The writer is vice president of Compassion and Choices of New York, which counsels patients on end-of-life care and choices.



To the Editor:

It strikes me odd that counseling on end-of-life care (advance directives), a service that I have provided perhaps a thousand times over my 35-year medical career, is front-page news.

The plan by Medicare to reimburse for the service will not change the content of the doctor-patient discussion. Whether it changes the frequency of the discussions remains to be seen.

Charles Cutler
Norristown, Pa., Dec. 26, 2010

The writer is an internist.



To the Editor:

Those who oppose the idea of doctors discussing end-of-life treatment with their patients during routine annual checkups should consider the alternatives.
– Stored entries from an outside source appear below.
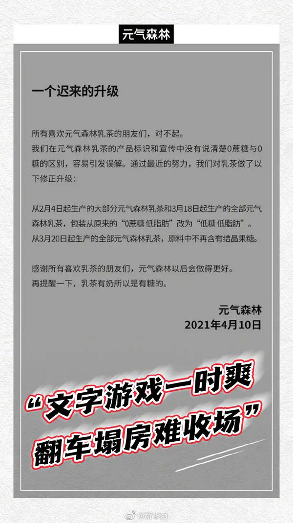 4月10日,国内饮料品牌元气森林因宣传0蔗糖致歉,称在乳茶产品的产品标示和宣传中,没有说明“0糖”和“0蔗糖”的区别,容易引发误解。元气森林表示,近期已对乳茶产品做了修正升级,即从2月4日起生产的大部分乳茶和3月18日起生产的全部乳茶,包装从原来的“0蔗糖 低脂肪”改为“低糖 低脂肪”。
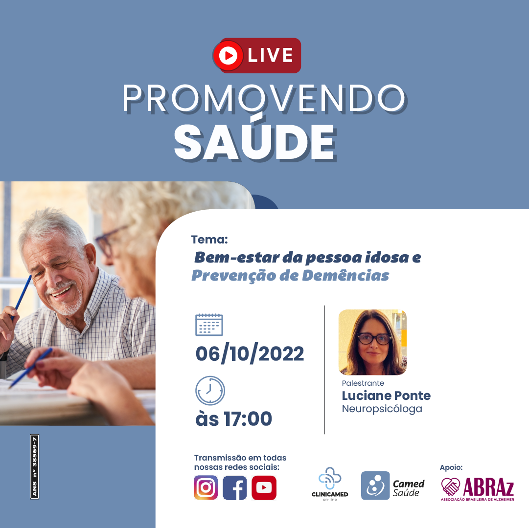 Não perca nossa Live Promovendo Saúde com a Neuropsicóloga Luciane Ponte para falarmos sobre o bem-estar da pessoa idosa!
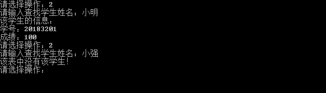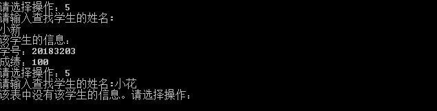 (3) 根据姓名进行查找,返回此学生的学号和成绩; 运行结果:
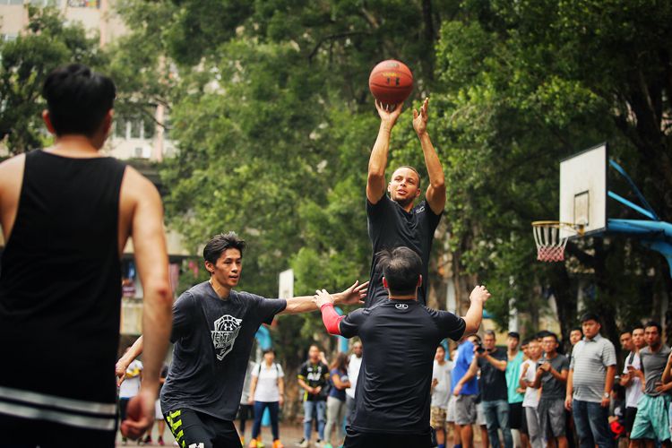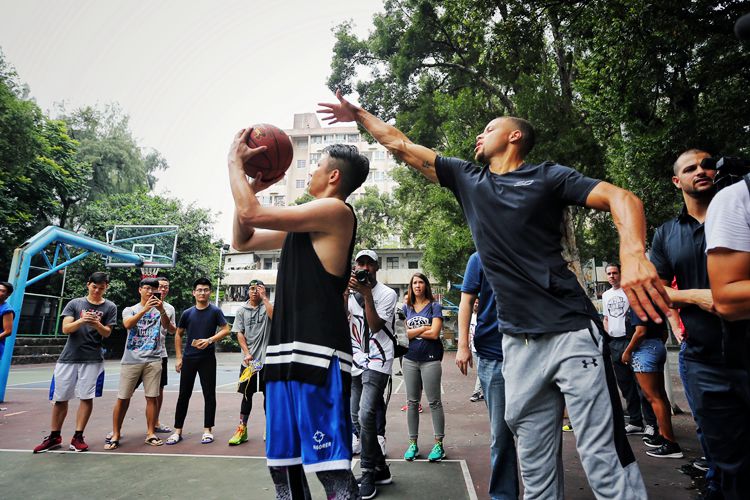 昨日,在 Under Armour “传旗亚洲”之旅广州站的行程中,库里突袭广州体育学院外场,与当地球迷进行了一次出乎意料的亲密接触。其中有幸参与的同学表示,库里惊现球场简直幸福来得太突然了!!!

Many elderly persons, and their spouses and children, are reluctant to initiate such a discussion until a medical crisis occurs, when it may be too late to have any such discussion.

These patients will be unable to consider alternative courses of treatment and make decisions for themselves, leaving their spouses and children, who have their own emotional and financial agendas, to make those decisions on their behalf.

Doctors, on the other hand, can and should initiate this difficult discussion before a crisis occurs, so that the patient can have time to consider the alternatives and make decisions for himself, rather than leaving it to his spouse or children while he lies in the intensive-care unit or nursing home bed.

Doctors, who do not have the same emotional and financial stake as family members, can outline the options in a knowledgeable and dispassionate manner, and elicit their patients’ wishes without embarrassment, tears or fears.

Joan G. Engel
West Hartford, Conn., Dec. 26, 2010



To the Editor:

I read your article about “end-of-life planning” and I am completely appalled. I have been a longtime supporter of President Obama, but it appears as if death panels are becoming a reality.

My mom, 93, recently received a diagnosis of colon cancer, and her doctors recommended an operation to remove the tumor. It was successful and she can now expect to live several more years.

Who are we, or any doctor, or any president to judge when the end of life is and when to deny aggressive care?

Laurine Laxer
Key West, Fla., Dec. 26, 2010



To the Editor:

The proposal in the health care reform legislation to encourage physicians to counsel patients and their families regarding end-of-life issues was welcomed by the vast majority of health care providers. Its exclusion from the final bill was a disservice to Americans.

Modern medicine has much to offer to critically ill patients, but too often life-supporting technologies are employed with little or no hope of recovering to a meaningful existence. Pre-emptive contemplation and advisement is essential to a person’s well-being.

Advance directives, or “living wills,” are statements made by an individual dictating his or her wishes for end-of-life treatment and offer great comfort to families who are confronted with difficult choices in a crisis.

People’s end-of-life wishes should be discussed in advance with their physician, who knows them well, rather than nervously discussed with an unfamiliar provider with whom they have no personal relationship.

David C. Goering
Lawrence, Kan., Dec. 27, 2010

The writer is a hospitalist.



To the Editor:

Those Republicans who deride the idea of voluntary end-of-life counseling ought to redirect their attention to Gov. Jan Brewer of Arizona, who signed into law a measure cutting state Medicaid financing for certain transplant operations. That’s where the real “death panel” convened.